------ Source material
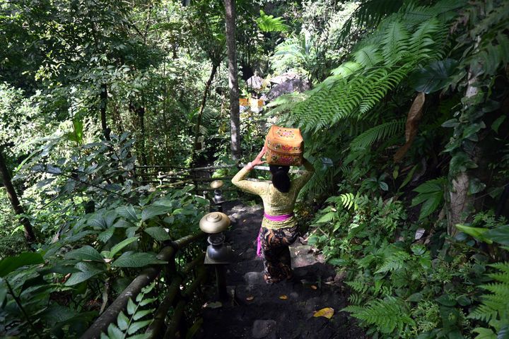 儀式のために、しっとりとした森の細道を下りて、川のほとりの寺院へ。
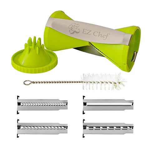 BEST VALUE: Your bundle includes the EZ Chef Spiral Veggie Slicer, 4 interchangeable blades, a vegetable peeler, a deep over-sized safety cap, a cleaning brush, a blade removal tool, easy to use instructions on the box, world class EZ Chef customer service, and a 100% Money Back Guarantee.
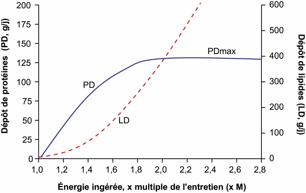 La quantité de protéines déposées augmente presque linéairement avec l'apport énergétique jusqu'à une valeur maximale (PDmax, figure 1) qui dépend de la quantité d'Acides Aminés (AA) essentiels disponibles ou du potentiel de croissance de l'animal (Bikker et al., 1995 ; van Milgen et al., 2000). Une fois le PDmax atteint, l'énergie supplémentaire ingérée est déposée sous forme de lipides, ce qui conduit à une diminution du rapport protéines/lipides dans le gain de poids marginal. La quantité d'énergie qui permet d'atteindre le PDmax est considérée comme l'apport énergétique optimal au regard du Gain de poids Moyen Quotidien (GMQ) et de l'Indice de Consommation (IC) associé. Au-delà, le GMQ augmente peu, tandis que l'IC se détériore fortement.
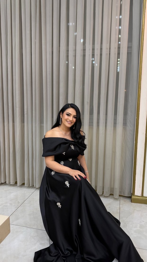 Bu siyah straplez abiye elbise, drapeli tasarımı, kısa kollu ve nakış detaylarıyla dikkat çekiyor. Düzenli kesim ve parlak yüzeyiyle düğünler için klasik gotik şıklık sunar. Beden olarak bir beden büyük aldım normalde 40 giyiyorum
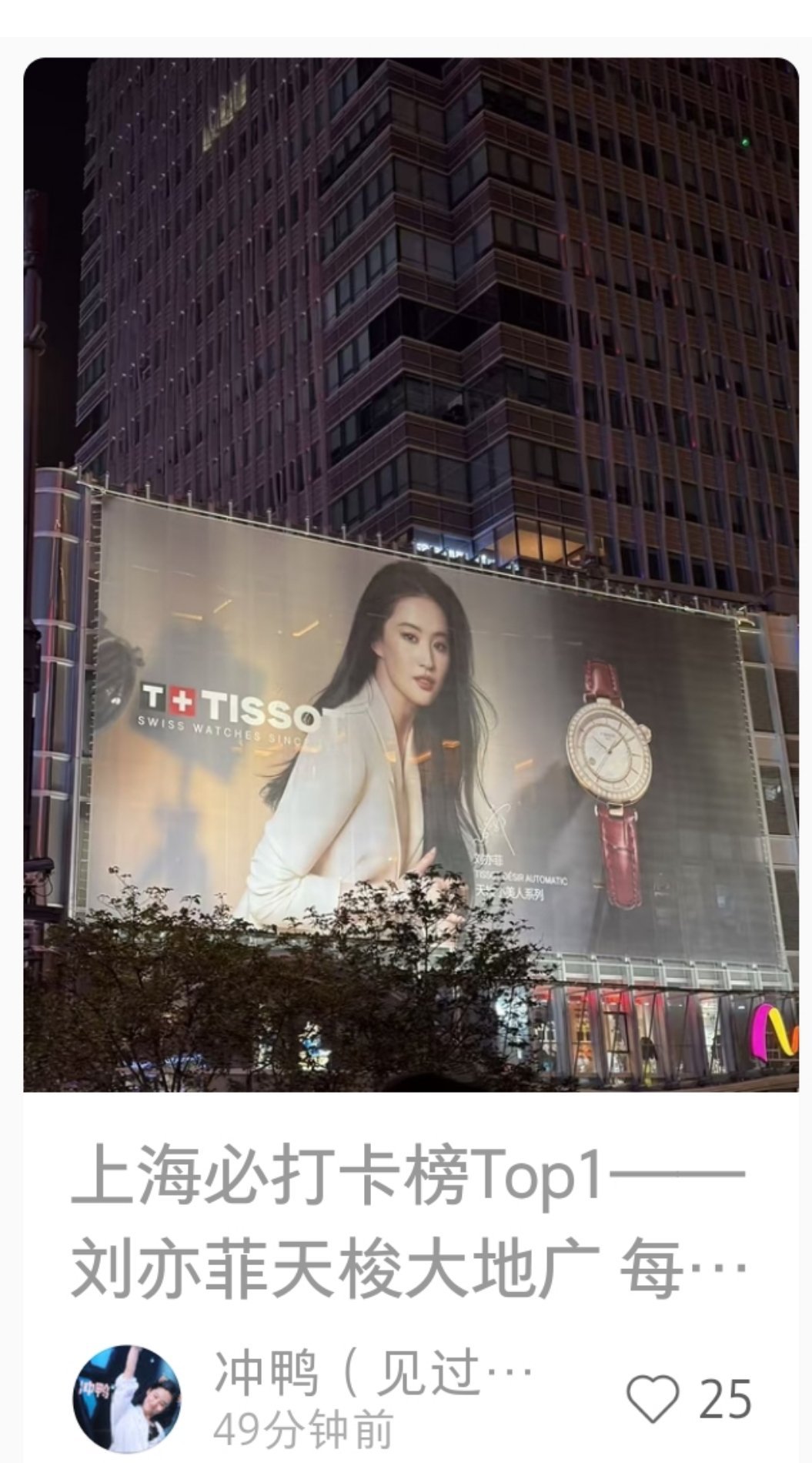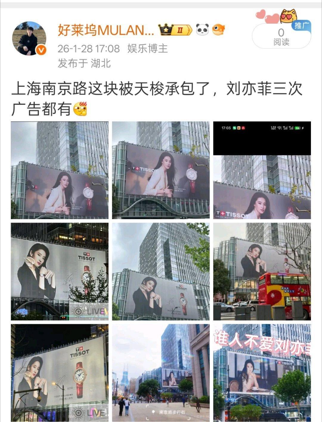 刘亦菲这个地广差不多铺了三个月了,从一月份开始铺起,这个位置是天梭专属吧
------------
Problem requirements: Give the lines of the entries above exactly as they appear, leaving out each picture.

Exercise answer:
 儀式のために、しっとりとした森の細道を下りて、川のほとりの寺院へ。
 BEST VALUE: Your bundle includes the EZ Chef Spiral Veggie Slicer, 4 interchangeable blades, a vegetable peeler, a deep over-sized safety cap, a cleaning brush, a blade removal tool, easy to use instructions on the box, world class EZ Chef customer service, and a 100% Money Back Guarantee.
 La quantité de protéines déposées augmente presque linéairement avec l'apport énergétique jusqu'à une valeur maximale (PDmax, figure 1) qui dépend de la quantité d'Acides Aminés (AA) essentiels disponibles ou du potentiel de croissance de l'animal (Bikker et al., 1995 ; van Milgen et al., 2000). Une fois le PDmax atteint, l'énergie supplémentaire ingérée est déposée sous forme de lipides, ce qui conduit à une diminution du rapport protéines/lipides dans le gain de poids marginal. La quantité d'énergie qui permet d'atteindre le PDmax est considérée comme l'apport énergétique optimal au regard du Gain de poids Moyen Quotidien (GMQ) et de l'Indice de Consommation (IC) associé. Au-delà, le GMQ augmente peu, tandis que l'IC se détériore fortement.
 Bu siyah straplez abiye elbise, drapeli tasarımı, kısa kollu ve nakış detaylarıyla dikkat çekiyor. Düzenli kesim ve parlak yüzeyiyle düğünler için klasik gotik şıklık sunar. Beden olarak bir beden büyük aldım normalde 40 giyiyorum
 刘亦菲这个地广差不多铺了三个月了,从一月份开始铺起,这个位置是天梭专属吧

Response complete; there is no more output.